Point de vue d’Elara

Le marché du royaume était dingue, aujourd’hui. Du monde partout. Des femmes qui couraient de boutique en boutique, les bras chargés de robes, de chaussures, de bijoux. Les rires remplissaient les rues tandis que la musique s’échappait des portes ouvertes. De vives bannières avaient été tendues d’un bout à l’autre, annonçant la célébration à venir.

Le Bal d’anniversaire royal.

Clara vibrait presque à côté de moi. « C’est le meilleur jour de toute ma vie ! » couina-t-elle en m’attrapant le poignet et en me traînant à travers la rue bondée.

Je levai les yeux au ciel. « Tu dis ça de littéralement tout. »

« Parce que tout est excitant ! » répliqua-t-elle en rejetant sa longue chevelure par-dessus son épaule. « Et ce bal va être légendaire. »

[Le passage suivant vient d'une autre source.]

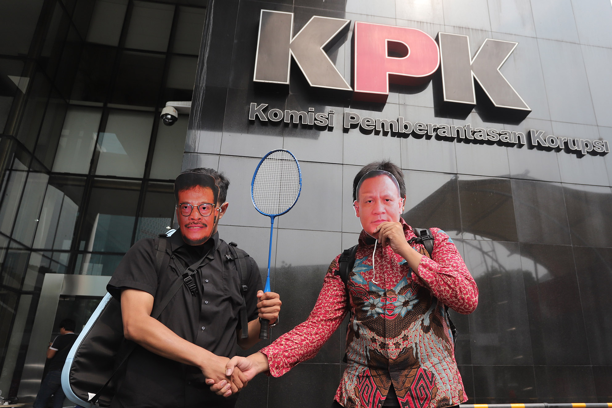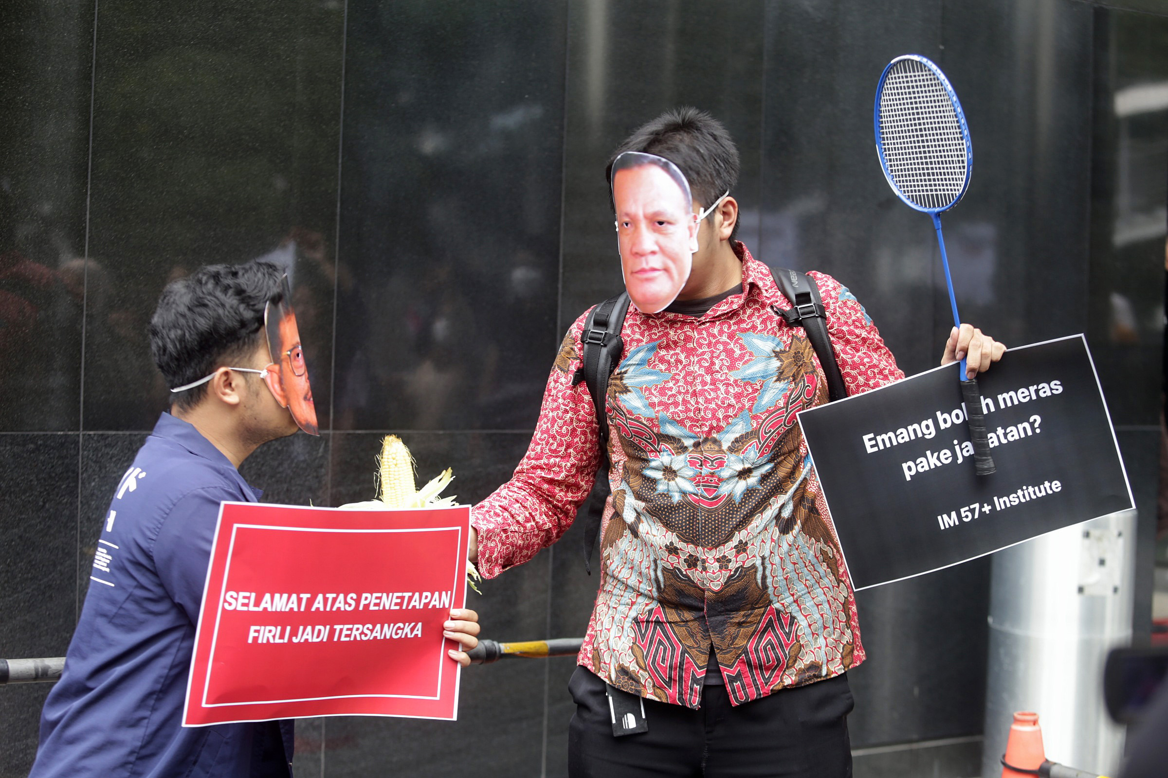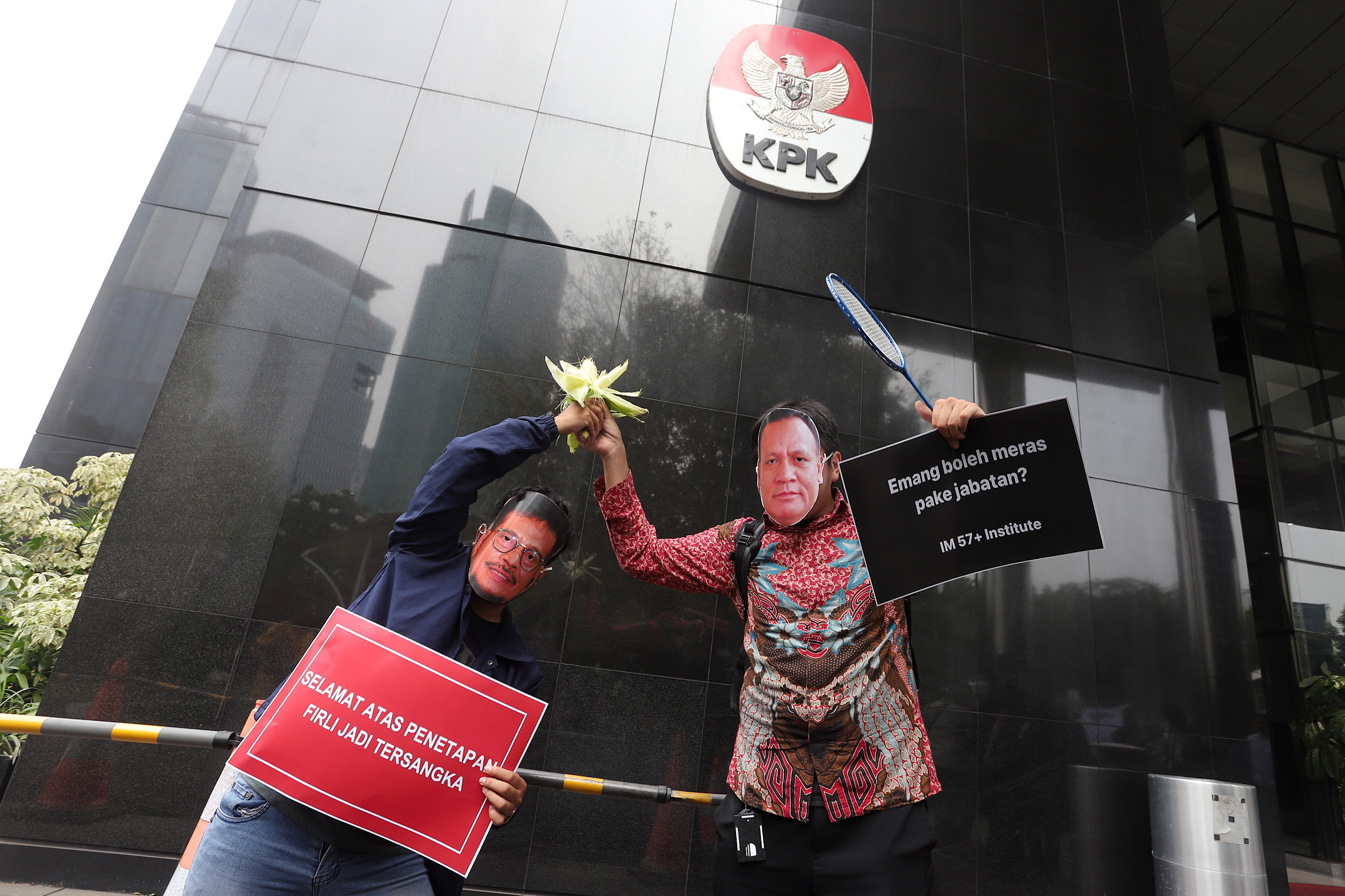 Aksi dengan membawa sejumlah atribut seperti topeng berwajah Firli Bahuri dan tersangka mantan Menteri Pertanian Syahrul Yasin Limpo (SYL), raket dan kok bulu tangkis, karangan bunga hingga gerobak nasi goreng juga dihadiri mantan Pimpinan KPK seperti Abraham Samad, Bambang Widjojanto, Raja Operasi Tangkap Tangan (OTT) Harun Al Rasyid, Eks Ketua Wadah Pegawai KPK Yudi Purnomo, dan mantan penyidik senior KPK, Novel Baswedan.

Je reniflai. « Légendaire migraine, plutôt. »

Clara s’arrêta devant la première boutique et se tourna vers moi en poussant un soupir dramatique. « Tu es la personne la moins romantique que j’aie jamais rencontrée. »

« Réaliste », corrigeai-je.

Elle poussa quand même la porte. « Allez. On va te trouver une robe, que ça te plaise ou non. » Elle souffla, déjà repartie. Dès que nous entrâmes, une fraîcheur me caressa la peau.

La boutique était magnifique. Des lumières douces brillaient au-dessus des portants de robes élégantes. Des miroirs tapissaient les murs, renvoyant l’éclat de tissus scintillants dans toutes les couleurs imaginables. Or. Émeraude. Bleu nuit profond.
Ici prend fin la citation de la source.